• _Stored data_:

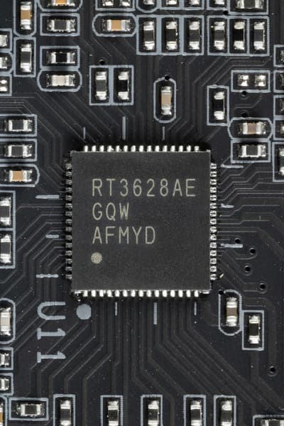 Управляет схемой питания VCore и iGPU ШИМ-контроллер RT3628 от Richtek.
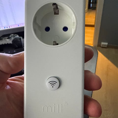 Mill WiFi Generation 3 smartplugg i hvit farge. Smartpluggen kobles til stikkontakt og gir mulighet for trådløs styring av tilkoblet enhet via WiFi. Enheten har jordet schuko-kontakt og støpsel, og er merket med tekniske spesifikasjoner og CE-godkjenning på baksiden. Passer til innendørs bruk der man ønsker fjernstyring og tidsstyring av elektriske apparater innenfor angitt effektgrense fra produsent.
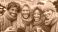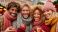 • Four friends enjoying drinks at a festive outdoor gathering.
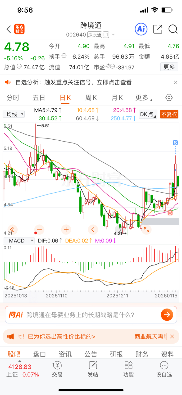 $跨境通(SZ002640)$ 昨天跑了
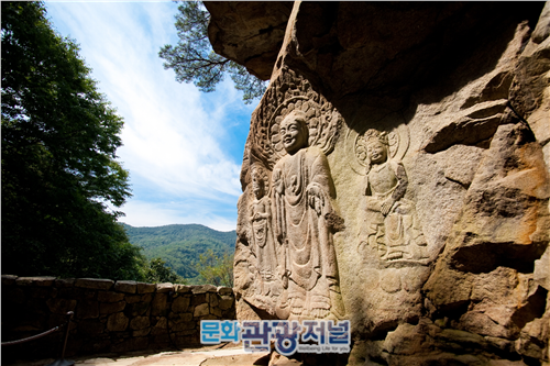 우리나라에서 발견된 마애불 중 가장 뛰어난 백제 후기의 작품,‘마애여래삼존상’은 얼굴 가득히 자애로운 미소를 띠고 있어 당시 백제인의 온화하면서도 낭만적인 기질을 엿볼 수 있다. 오랜 세월 수풀에 파묻혀 잠들어 있다가 1958년에 발견, 1962년에 국보로 지정됐다. 빛의 각도에 따라 미소가 오묘하게 변하는데, 아침 햇빛에 비치는 얼굴이 가장 아름답다고 알려져 있다. 백제인만의 부드럽고 세련된 기술이 느껴지는 이 조각은 비바람이 정면으로 들이치지 않게 80도로 기울어진 채 조각돼 과학적으로 우수하게 평가되고 있다.

• _Task goal_: When copying the entries above, keep each word as it is and exclude any image.

• _Answer for this exercise_:
 Управляет схемой питания VCore и iGPU ШИМ-контроллер RT3628 от Richtek.
 Mill WiFi Generation 3 smartplugg i hvit farge. Smartpluggen kobles til stikkontakt og gir mulighet for trådløs styring av tilkoblet enhet via WiFi. Enheten har jordet schuko-kontakt og støpsel, og er merket med tekniske spesifikasjoner og CE-godkjenning på baksiden. Passer til innendørs bruk der man ønsker fjernstyring og tidsstyring av elektriske apparater innenfor angitt effektgrense fra produsent.
 • Four friends enjoying drinks at a festive outdoor gathering.
 $跨境通(SZ002640)$ 昨天跑了
 우리나라에서 발견된 마애불 중 가장 뛰어난 백제 후기의 작품,‘마애여래삼존상’은 얼굴 가득히 자애로운 미소를 띠고 있어 당시 백제인의 온화하면서도 낭만적인 기질을 엿볼 수 있다. 오랜 세월 수풀에 파묻혀 잠들어 있다가 1958년에 발견, 1962년에 국보로 지정됐다. 빛의 각도에 따라 미소가 오묘하게 변하는데, 아침 햇빛에 비치는 얼굴이 가장 아름답다고 알려져 있다. 백제인만의 부드럽고 세련된 기술이 느껴지는 이 조각은 비바람이 정면으로 들이치지 않게 80도로 기울어진 채 조각돼 과학적으로 우수하게 평가되고 있다.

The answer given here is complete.